Podar Students Light Up a Sewri Slum
Early October, we at GreenLine got a call from a student from R. A. Podar College of Commerce and Economics, stating that her group would like to do an environmental project, as it were one of the requirements in the management studies course. We agreed and from mid- October, it was decided that the seven students from the college-- Ruchita Waghela, Aparna Gopinath, Urvi Bhandare, Adwait Vaidya, Shardul Khatate, Prathamesh Shirolkar, and Sanjit Tambe would be working in the Sitagad area of Sewri East.
The students started their trips to Sewri on October 16, and their visits went on until November 10, excluding the Diwali week and Sundays. The four main topics that the students decided they wanted to work upon were those of energy use, water wastage, garbage segregation and the benefits of community gardening.

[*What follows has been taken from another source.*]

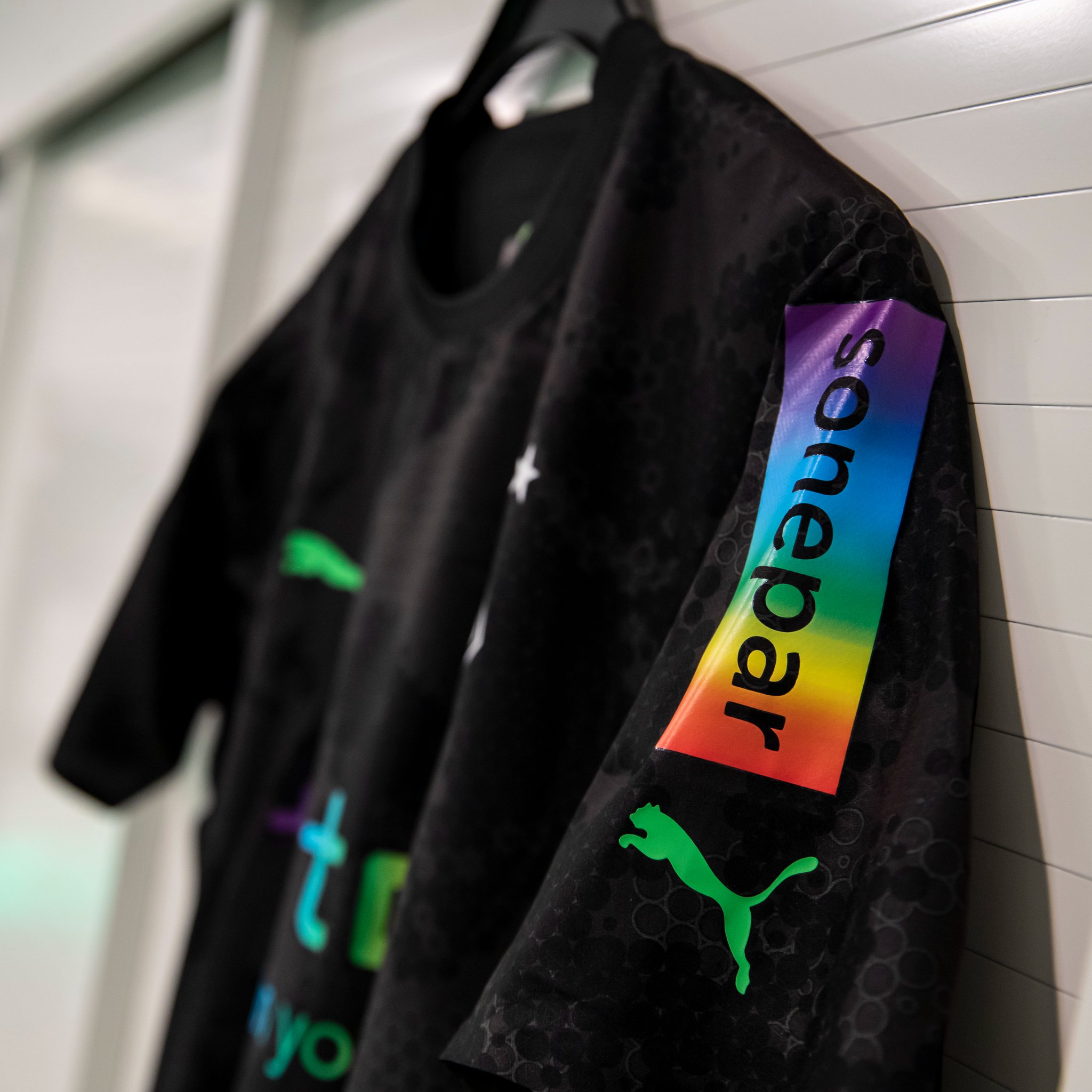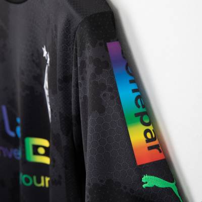 This is added to the corner flags of the match and the captains’ armbands being rainbow coloured, while the Puma logos and the MÖNCHENGLADBACH print on the lower back of the anti-discrimination release are in green.
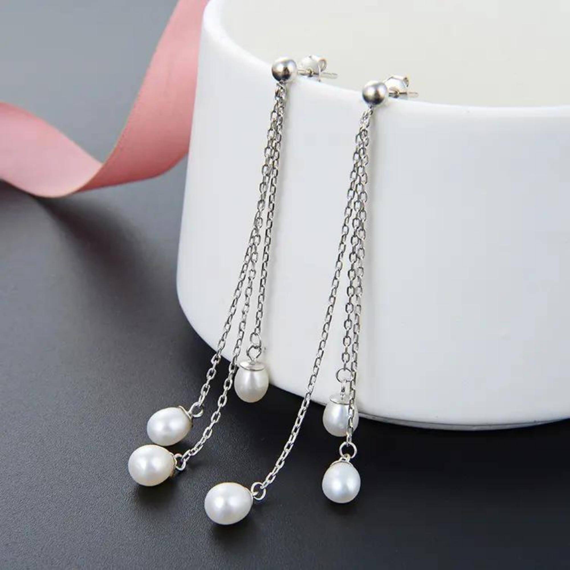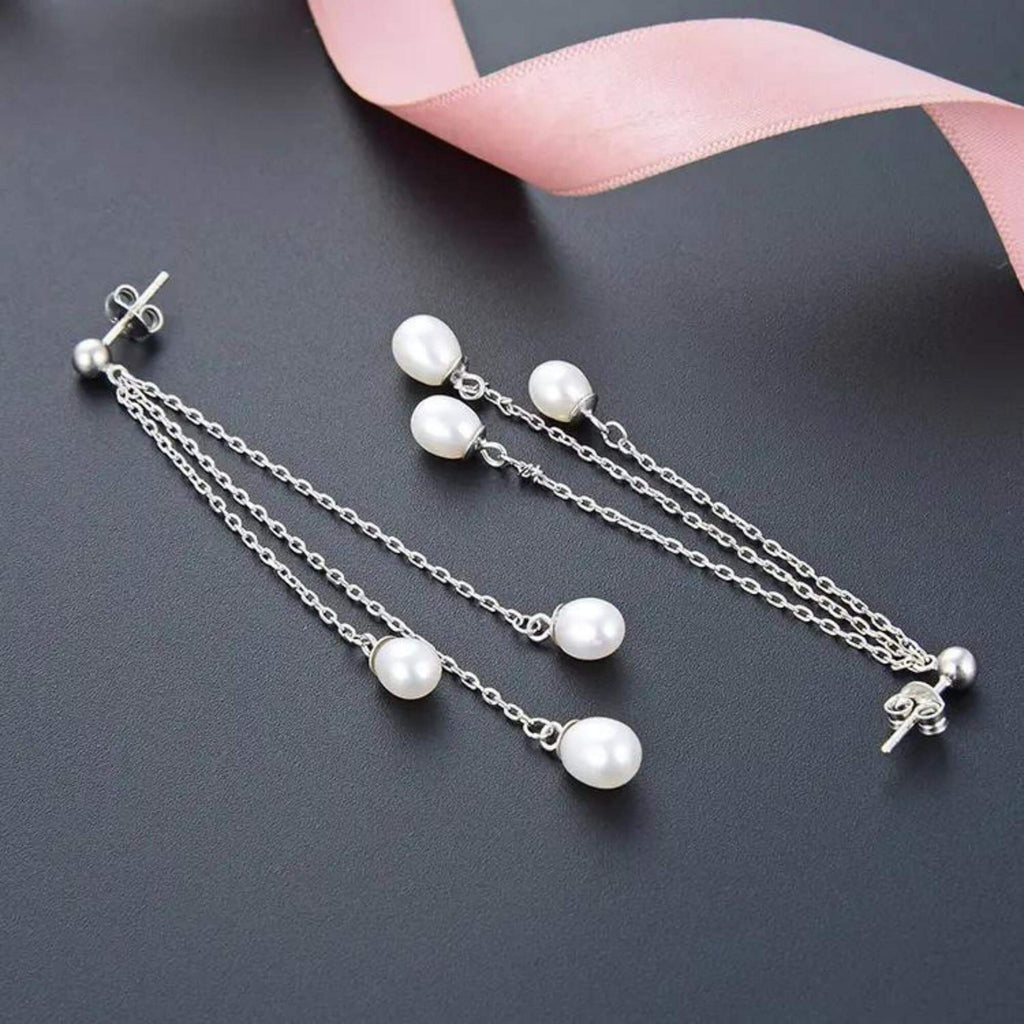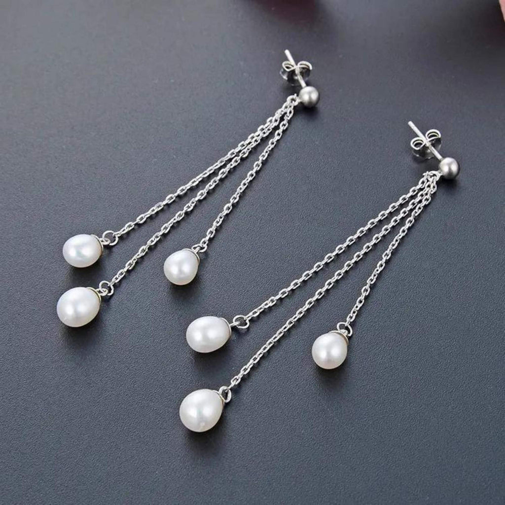 Silver earrings featuring three pearls suspended on delicate chains of different lengths. The layered design adds movement and brings a fresh take to a classic design.

The initial days of the project went into introductions of people and the plans that were underway. The students interviewed a number of families understanding the ways of living and the grievances of the people in the slums. After having interviewed 30 families, the students decided to start working on the energy saving plan.

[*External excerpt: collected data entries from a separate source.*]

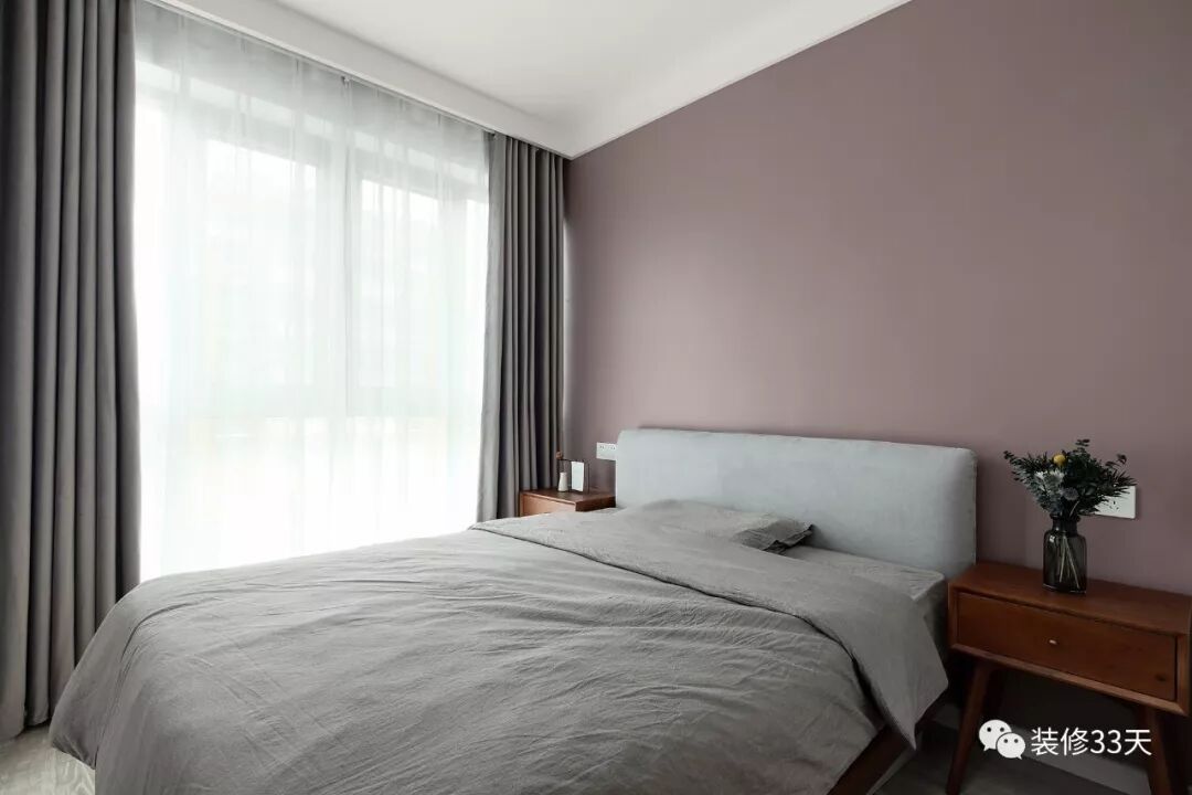 ▲ 父母房一面粉紫色背景墙打破传统的深色调
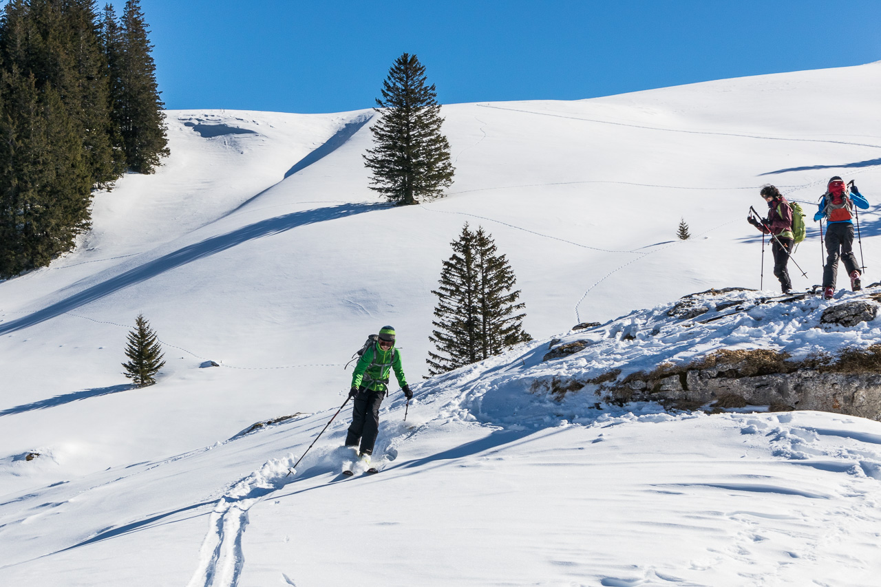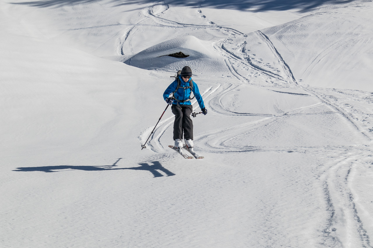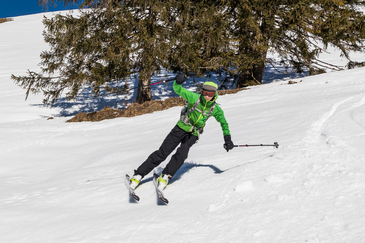 Also hoffentlich nicht so wie beim Start: Deckelschnee, auch bekannt als Bruchharst oder Carton de Blamage, fördert die Fahrfreude nicht. In grossen Bögen versuchen wir, möglichst sturzfrei Höhenmeter zu vernichten. Dann kommt aber ein etwas anders exponierter Hang, schon kurven wir durch feinen Pulverschnee. Dieser geht dann nahtlos über in Sulzschnee, leicht angeschmolzen, so wie er sein muss. Nur endet der ganze Fahrspass dann wieder im Bruchharst. Dann folgt eine Waldpassage, wie sie halt vorkommen kann auf Skitouren: Eng, kein Platz zum Bremsen. Also wird gerutscht, dort, wo es geht, und sonst dienen halt Bäumchen als Notbremse. Bald sind wir aber wieder im offenen Gelände. Der Schnee ist weiterhin abwechslungsreich.
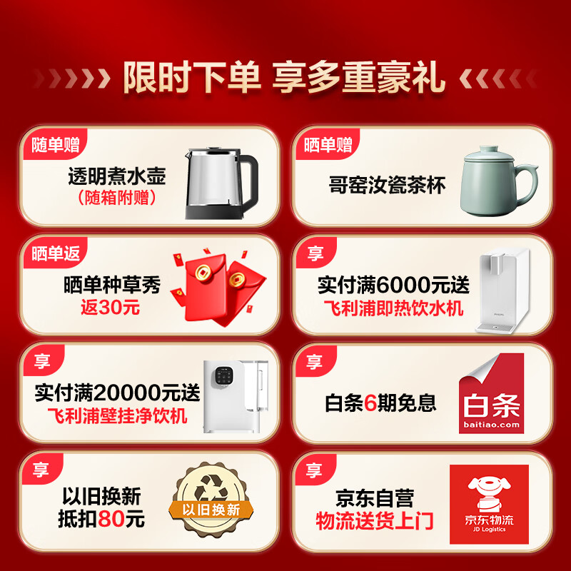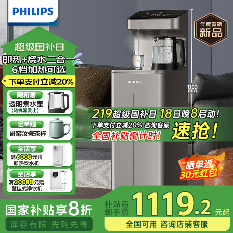飞利浦(PHILIPS)茶吧机家用立式饮水机 即热式饮水机 下置水桶双出水高端客厅办公室多功能直饮水机ADD8144价格:1399.00元!
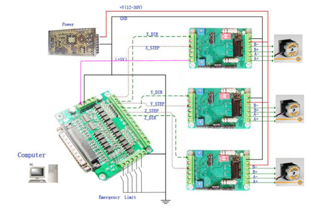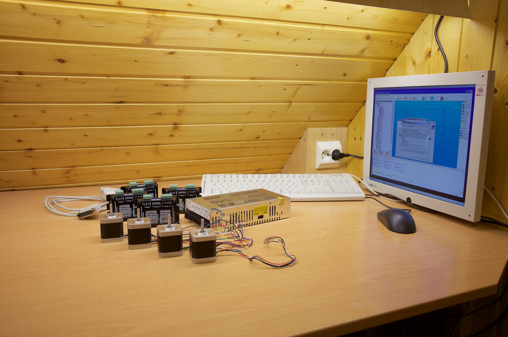 So, last night I got a Chinese looking package from Longs Motors (Hamburg Warehouse). The contents were limited to a power supply (24V / 8.3A), four stepper motor drivers (DM420A), four NEMA17 stepper motors 17HS8630N (12V 0.4A 1.8°/step) and a parallel DB25 breakout board.

The plan was not one of grand proportions, and since the people living here lived in slums, their energy problems were different from energy problems that people living in residential buildings face. So one of the ideas was to introduce the water-bottle light in the houses. Fixed in the roofs of the different houses, these simple creations would hopefully save a whole lot of energy, and for these people, more importantly, save up on money that would be used in paying electricity bills.
Besides, this, the children and women, along with the volunteers also dug a compost pit, and an area for growing vegetables. The compost pit would be used for preparing wet compost from their plants, and their vegetables could be used for household as well as small-scale commercial purposes also. That took care of the issues of garbage segregation and of the vegetable garden.

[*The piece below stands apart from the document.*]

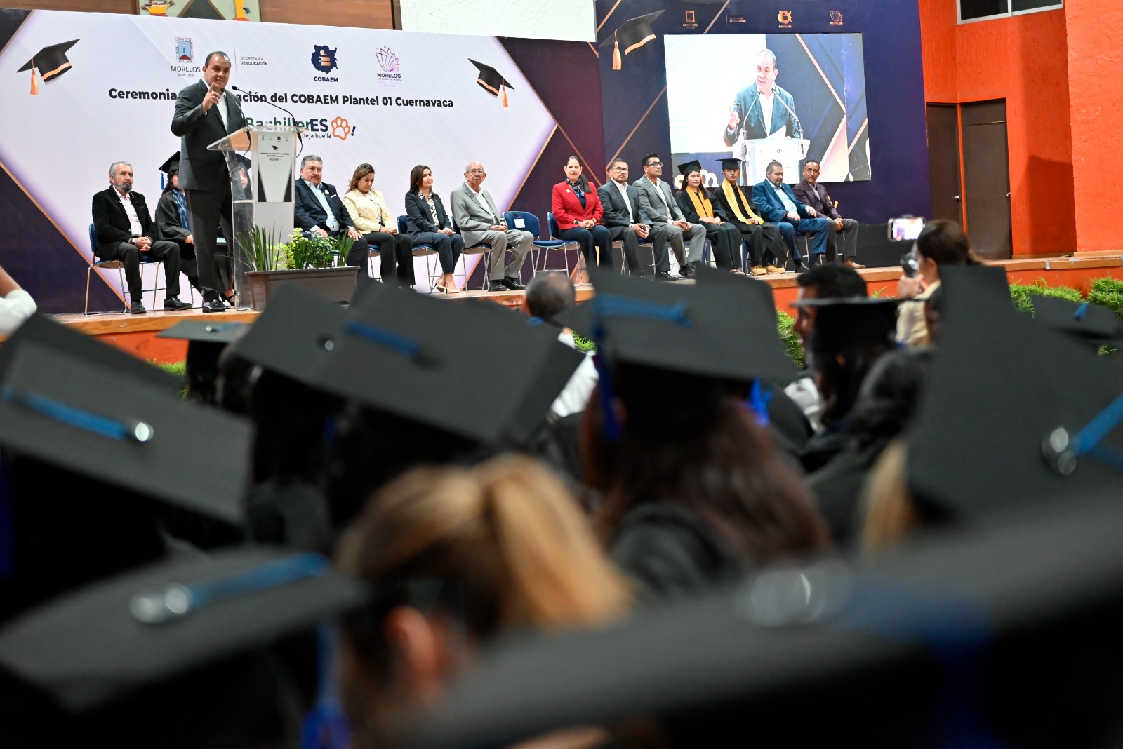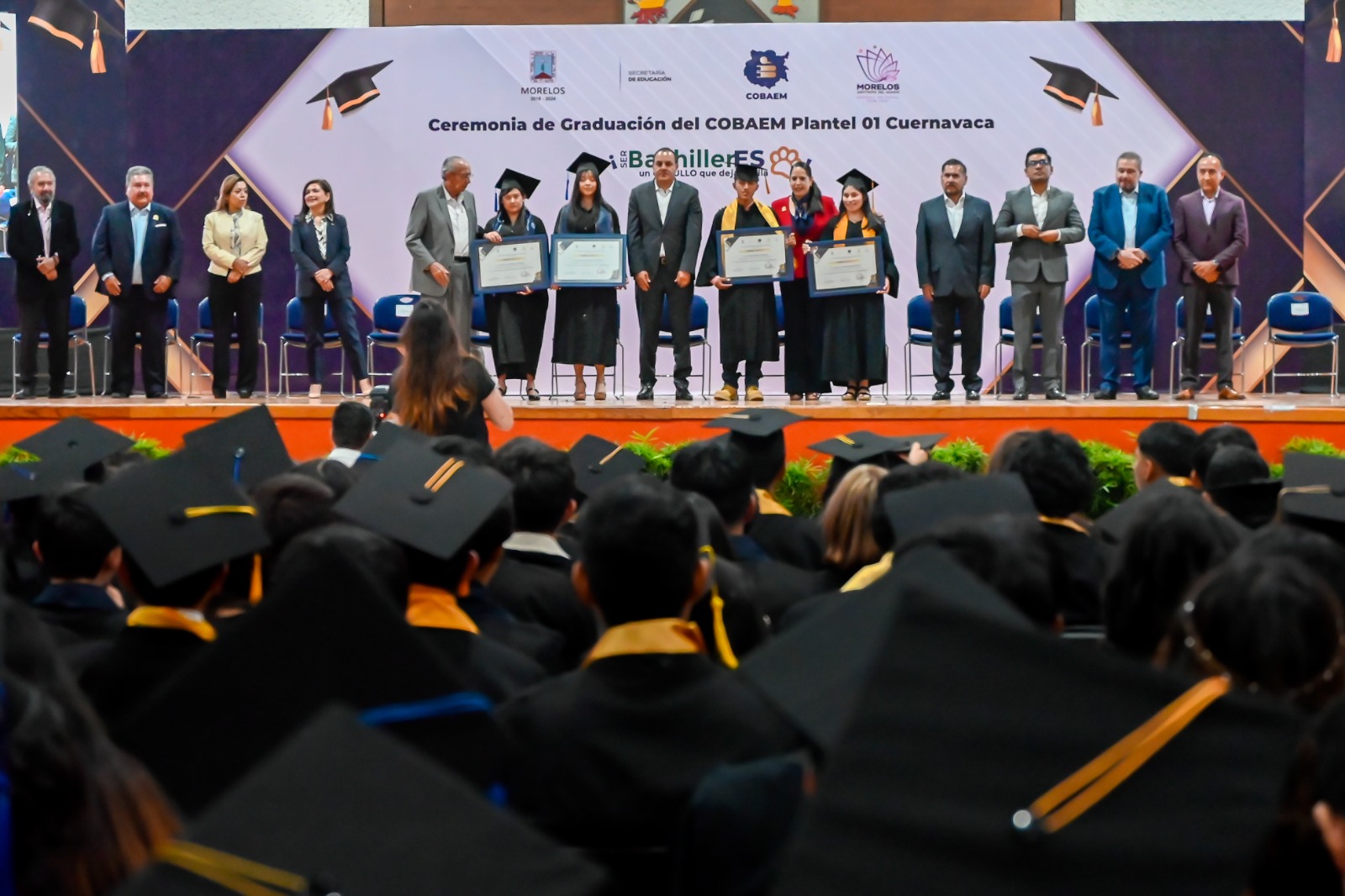 La celebración se llevó a cabo en el Gimnasio Auditorio de la Universidad Autónoma del Estado de Morelos (UAEM), donde el mandatario estatal otorgó reconocimientos a quienes obtuvieron los mejores promedios de la Generación 2021-2024.

All in all, though the project itself may have not been a spectacular success, taking into account the people’s disinterest or inability to follow up on the various objectives, one thing was sure— the responsibility of making positive changes to the environment and to public and private lives depends, in a large way on one's readiness to change a few things altogether. Like the houses where we fixed the light bottles, there is the chance that the seed for future positive activity has been sowed.